Center for Evidence-Based Medicine and Clinical Research, Taihe Hospital, Hubei University of Medicine, Shiyan 442000, Hubei, China.
Department of Information Resources, Taihe Hospital, Hubei University of Medicine, Shiyan 442000, Hubei, China.
Prog Neuropsychopharmacol Biol Psychiatry. 2023 Jul 13;125:110754. doi: 10.1016/j.pnpbp.2023.110754. Epub 2023 Mar 17.
Post-traumatic stress disorder (PTSD) is a mental disorder that can emerge after an individual experiences a traumatic event such as physical abuse, sexual/relationship violence, combat exposure, witnessing death, or serious injury. This study aimed to identify the most suitable drugs for the management of PTSD based on a network meta-analysis (NMA).

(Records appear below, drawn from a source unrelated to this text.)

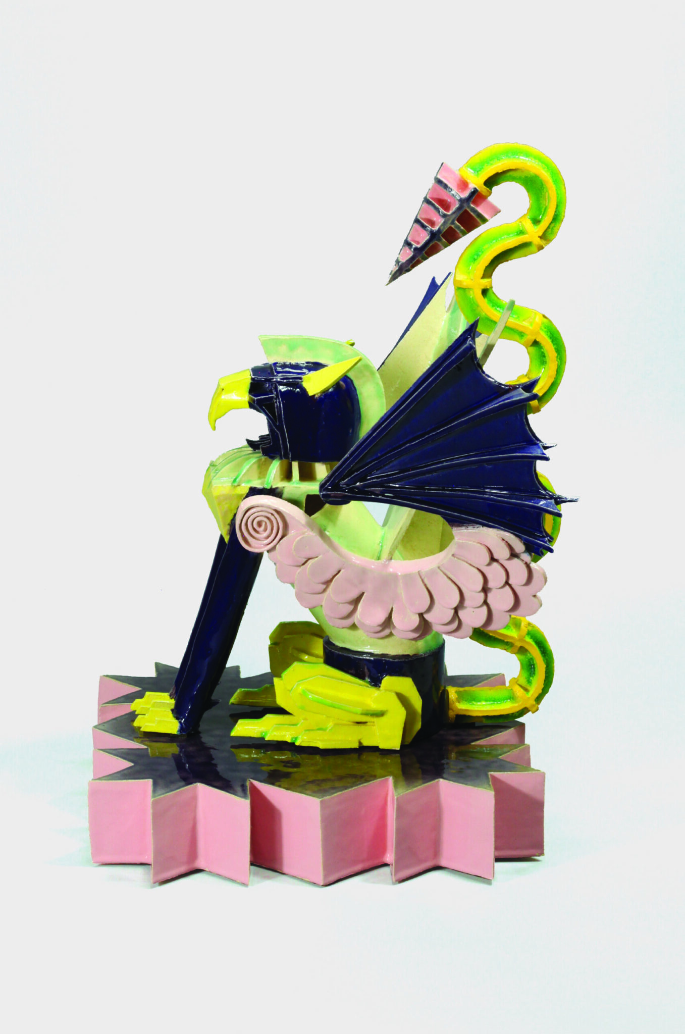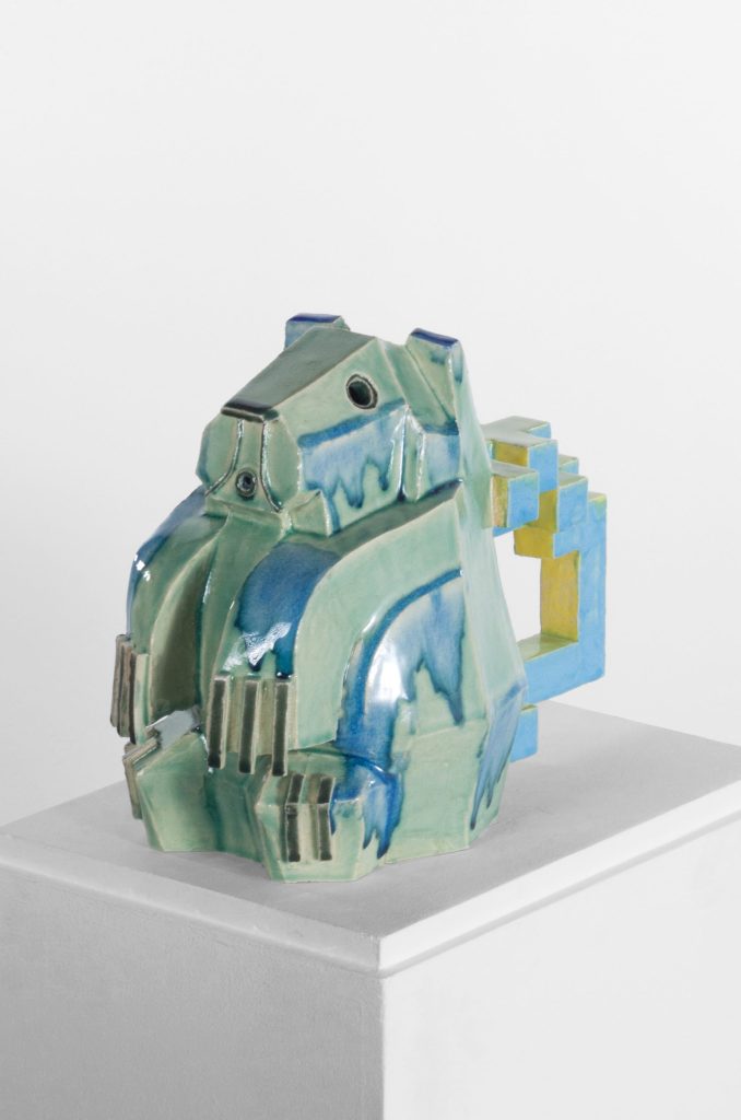 Jean-Sébastien Tacher's art seems to be an explosive blend of Art Deco and the postmodernism of Memphis, a new decorative language born, like the artist, at the dawn of the 1980s. After having performed extensively, initially with the Baoum collective, practised chainsaw woodcarving and created such extravagances as the construction, in Brittany, of a pagoda for a Vietnamese princess... the artist turns to ceramics to carve a hyper-decorative furrow fed by all the extravagances of Pop culture. (...)
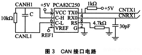 MPC555集成了双路CAN2.0B控制器模块,在ECU设计时只需增加一个收发器就可以完成高速通信。本方案采用Philips公司的PcA82C250收发器,其传输速率高达1 Mbps。图3为其接口电路。
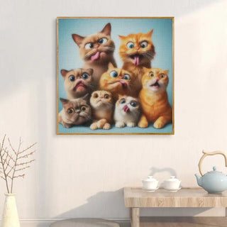 Unleash Your Creativity With This DIY Cartoon Diamond Painting Kit, Featuring A Whimsical Group Of Cat Friends Making Hilarious Faces, And Available In Both Full Round Or Full Square 5D Diamonds For A Stunning, Textured Finish. Perfect For Cat Lovers And Crafters Alike, This Fun And Relaxing Project Will Brighten Any Space With Its Playful Charm.
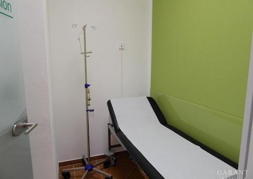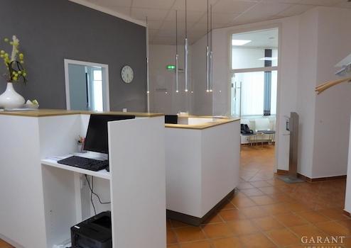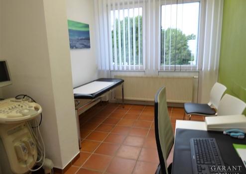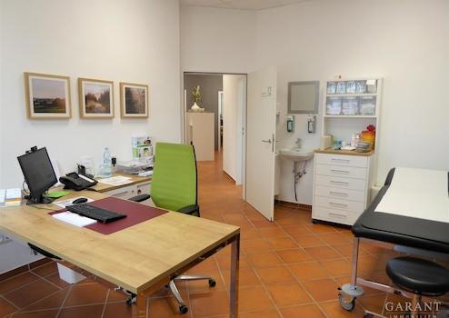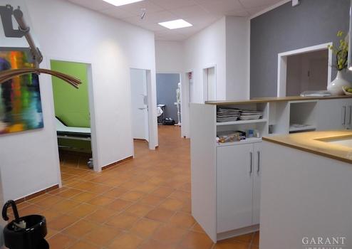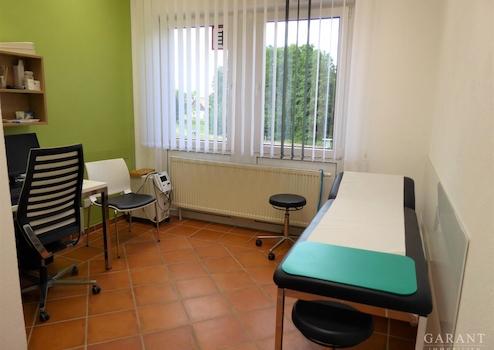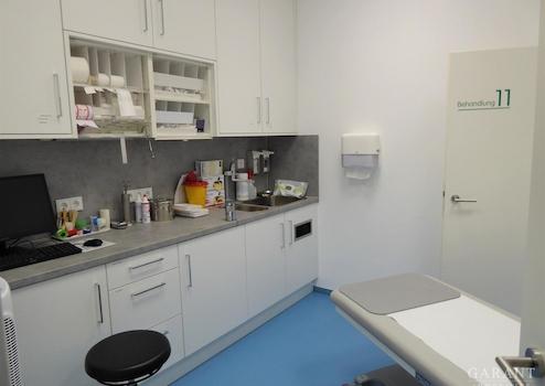 Die Gewerbefläche verfügt über einen großen Empfangsbereich, sieben Behandlungs- bzw. Sprechzimmer, ein Wartezimmer, einen Personal-Aufenthaltsraum, ein Patienten-WC, ein Personal-WC, einen Personal-Umkleideraum und einen Technikraum.
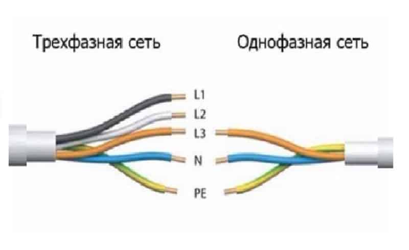 По цветовой маркировке легко можно определить назначение данного конкретного кабеля. Проводник в синей оболочке — всегда ноль в однофазных либо нейтраль в трехфазных сетях. Желто-зеленый — общеизвестное обозначение «земляного» проводника. Все остальные цвета обозначают фазы.
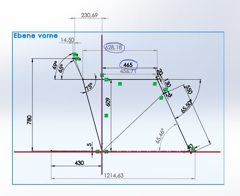 Ob man mit virtuellem oder reellen Sitzrohwinkel die Geometrie nachbildet spielt keine Rolle. Alle Winkel und Längen definieren eindeutig, und/oder sind abhängig voneinander. An einem virtuellen/reellen Sitzrohrwinkel kann es nicht liegen.Wenn Du die Geometrie über den Reach aufzeichnest erhältst exakt den Radstand wie angegeben.
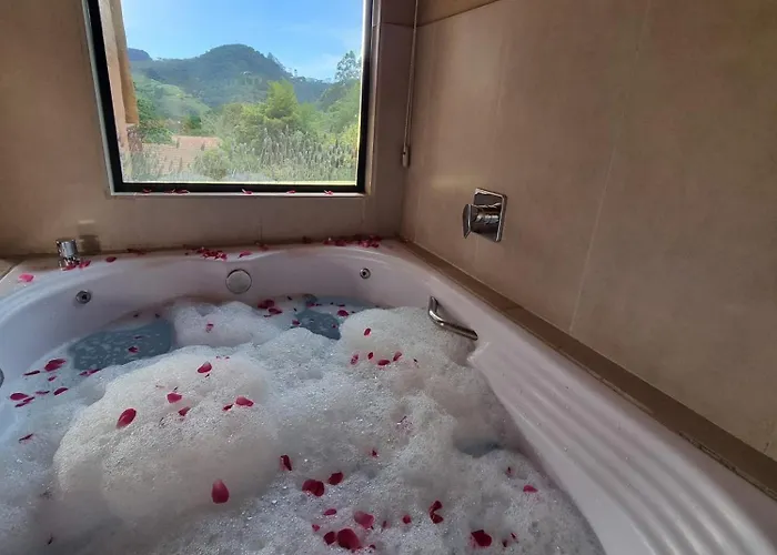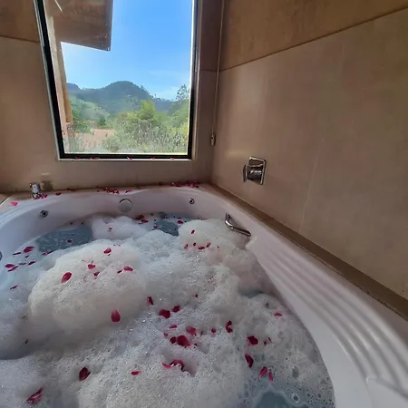 The 0-bedroom Chale Som Da Sete Quedas Hidromassagem, Lareira E Vista Para As Montanhas Goncalves villa, located around 20 minutes' walk from the Papegilla Atelier, invites guests to relax in a Jacuzzi. Featuring a sun terrace, the property is situated approximately 3 km from the Serras e Quintais.
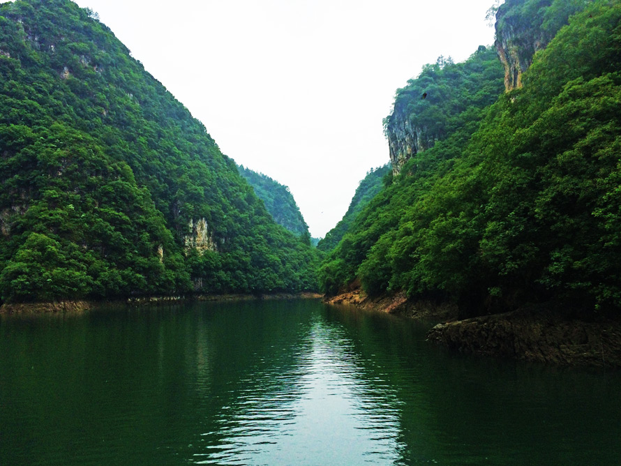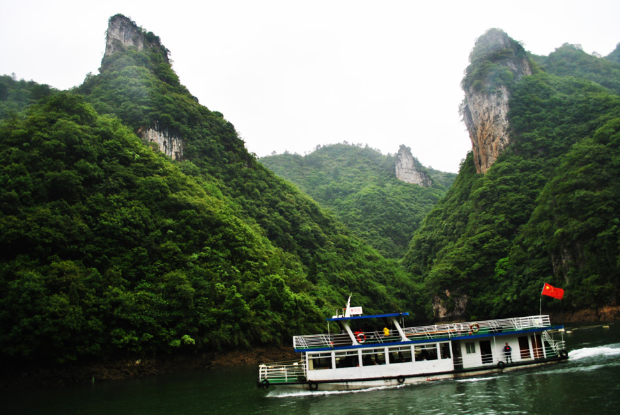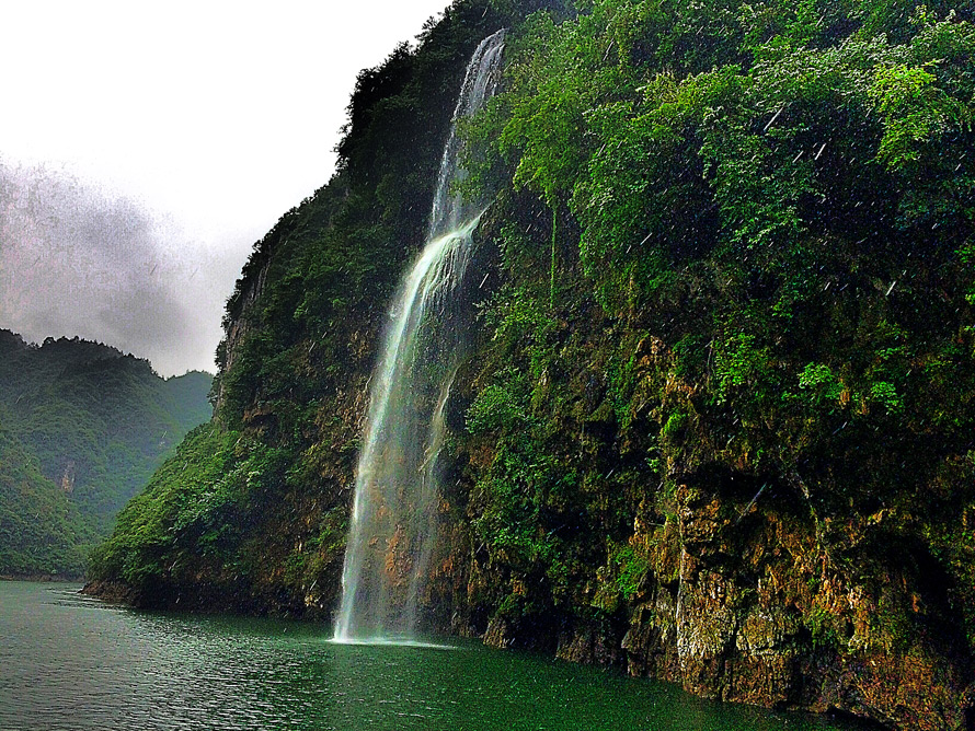 当游船闯过险滩后,便进入风平浪諍的深潭。远山如黛,云雾缭绕,近处一泓水影,呈现蓝天、青山。游船行至“鸳鸯河谷”,景色格外清丽宜人,这里山夹水,水隔山,山水交融,绚丽多彩。剑峰万刃的陡崖上,一挂“飞瀑”,银光闪闪,奔泻河面,发出“轰隆隆”的响声,溅起簇簇飞扬的水花。
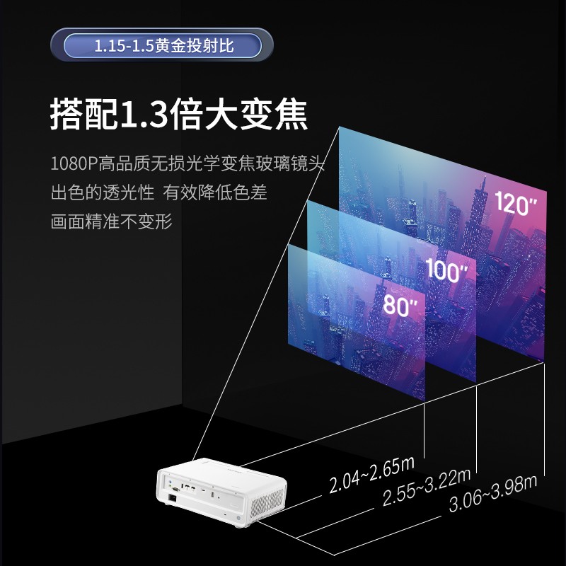 1.15-1.5黄金投射比,1080P高品质无损光学变焦玻璃镜头,出色的透光性有效降低色差,画面精准不变形。支持四向画面校正,搭载垂直+10%无损光学镜头位移,灵活安装更省心。通过Wi-Fi或者Type-C接口,即可轻松实现小屏投大屏。
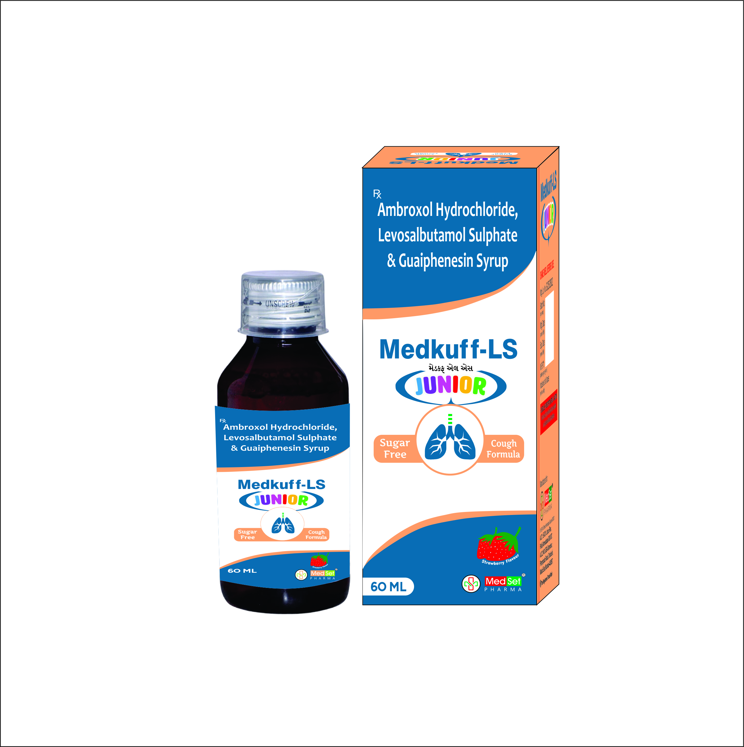 MEDKUFF-LS JUNIOR (Sugar Free) is a pediatric cough syrup specially formulated to provide effective relief from productive (wet) cough and respiratory congestion in children. It helps loosen thick mucus, clear chest congestion, and ease breathing discomfort associated with cough, cold, and mild respiratory infections.
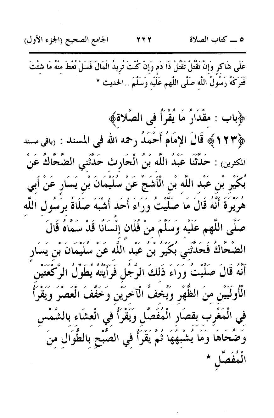 123 - قَالَ الإمَامُ أَحْمَدُ رحمه الله فى المسند: (باقى مسند المكثرين): حَدَّثَنَا عَبْدُ اللَّهِ بْنُ الْحَارِثِ حَدَّثَنِي الضَّحَّاكُ عَنْ بُكَيْرِ بْنِ عَبْدِ اللَّهِ بْنِ الْأَشَجِّ عَنْ سُلَيْمَانَ بْنِ يَسَارٍ عَنْ أَبِي هُرَيْرَةَ أَنَّهُ قَالَ مَا صَلَّيْتُ وَرَاءَ أَحَدٍ أَشْبَهَ صَلَاةً بِرَسُولِ اللَّهِ صَلَّى اللَّهم عَلَيْهِ وَسَلَّمَ مِنْ فُلَانٍ إِنْسَانًا قَدْ سَمَّاهُ قَالَ الضَّحَّاكُ فَحَدَّثَنِي بُكَيْرُ بْنُ عَبْدِ اللَّهِ عَنْ سُلَيْمَانَ بْنِ يَسَارٍ أَنَّهُ قَالَ صَلَّيْتُ وَرَاءَ ذَلِكَ الرَّجُلِ فَرَأَيْتُهُ يُطَوِّلُ الرَّكْعَتَيْنِ الْأُولَيَيْنِ مِنَ الظُّهْرِ وَيُخِفُّ الْآخِرَيْنِ وَخَفَّفَ الْعَصْرَ وَيَقْرَأُ فِي الْمَغْرِبِ بِقِصَارِ الْمُفَصَّلِ وَيَقْرَأُ فِي الْعِشَاءِ بِالشَّمْسِ وَضُحَاهَا وَمَا يُشْبِهُهَا ثُمَّ يَقْرَأُ فِي الصُّبْحِ بِالطُّوَالِ مِنَ الْمُفَصَّلِ *
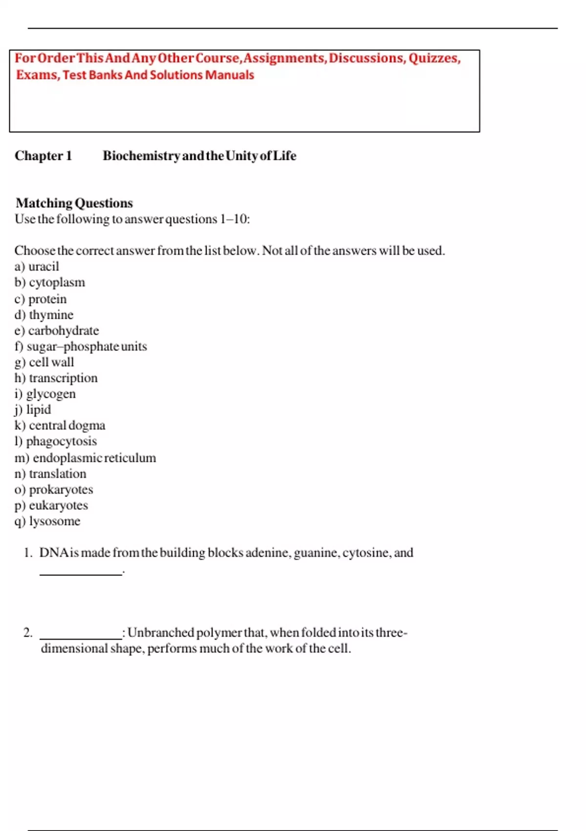 Test Bank for Biochemistry: A Short Course Third Edition by John L. Tymoczko ISBN 9781464126130 Chapter 1-41 | Complete Guide A+
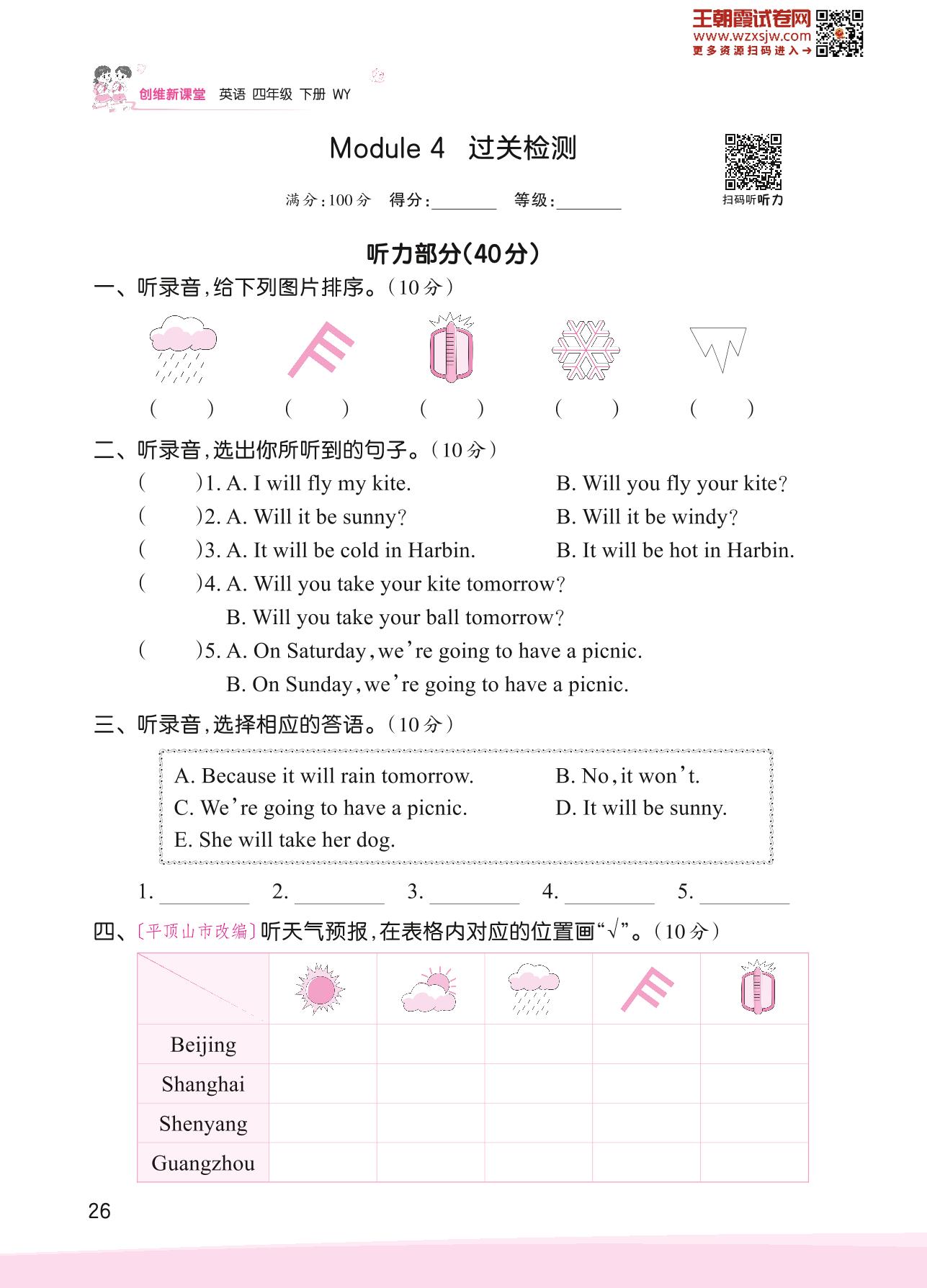 四年级英语外研版(三起始)下册单元卷
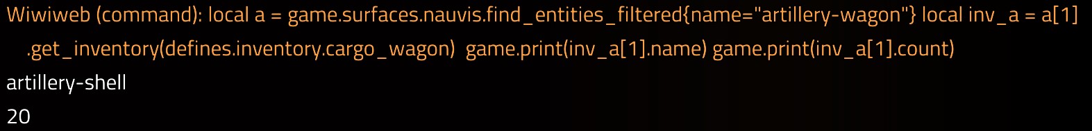 /c local a = game.surfaces.nauvis.find_entities_filtered{name="artillery-wagon"} local inv_a = a[1].get_inventory(defines.inventory.cargo_wagon) local inv_b = a[2].get_inventory(defines.inventory.cargo_wagon) inv_b[1].transfer_stack(inv_a[1]) - Only 1 shell was transferred to the second wagon, where I would expect the whole stack to be transferred.

Six databases (Ovid Medline, EMBase, CENTRAL, PsycINFO, Ovid Health and Psychosocial Instruments, and Web of Science) were searched from inception to September 6, 2022.
Thirty articles with a total of 5170 participants were included. Compared with placebo, active drugs including olanzapine (SMD = -0.66, 95% CI: -1.19 to -0.13), risperidone (SMD = -0.23, 95% CI: -0.42 to -0.03), quetiapine (SMD = -0.49, 95% CI: -0.93 to -0.04), venlafaxine (SMD = -0.29, 95% CI: -0.42 to -0.16), sertraline (SMD = -0.23, 95% CI: -0.34 to -0.11), paroxetine (SMD = -0.48, 95% CI: -0.60 to -0.36) and fluoxetine (SMD = -0.27, 95% CI: -0.42 to -0.12), significantly reduced the total clinician-administered PTSD scale score.
The results of this study support the use of paroxetine, venlafaxine, and quetiapine as first-line treatment for PTSD. In addition, quetiapine is recommended for patients with PTSD affected by symptoms of hyperarousal and re-experience disorder. Clinicians should prescribe medications based on the severity of PTSD symptoms and other conditions to develop the best treatment strategy for this patient population.
创伤后应激障碍(PTSD)是一种精神障碍,可在个体经历身体虐待、性/关系暴力、战斗暴露、目睹死亡或严重伤害等创伤事件后出现。本研究旨在通过网络荟萃分析(NMA)确定最适合 PTSD 管理的药物。
从创建到 2022 年 9 月 6 日,在六个数据库(Ovid Medline、EMBase、CENTRAL、PsycINFO、Ovid Health and Psychosocial Instruments 和 Web of Science)中进行了检索。
共纳入 30 篇文章,共计 5170 名参与者。与安慰剂相比,活性药物包括奥氮平(SMD=-0.66,95%CI:-1.19 至-0.13)、利培酮(SMD=-0.23,95%CI:-0.42 至-0.03)、喹硫平(SMD=-0.49,95%CI:-0.93 至-0.04)、文拉法辛(SMD=-0.29,95%CI:-0.42 至-0.16)、舍曲林(SMD=-0.23,95%CI:-0.34 至-0.11)、帕罗西汀(SMD=-0.48,95%CI:-0.60 至-0.36)和氟西汀(SMD=-0.27,95%CI:-0.42 至-0.12),可显著降低 PTSD 患者的总体临床医生管理 PTSD 量表评分。
本研究结果支持将帕罗西汀、文拉法辛和喹硫平作为 PTSD 的一线治疗药物。此外,对于受警觉性和再体验障碍症状影响的 PTSD 患者,推荐使用喹硫平。临床医生应根据 PTSD 症状的严重程度和其他情况开具药物,为这一患者群体制定最佳治疗策略。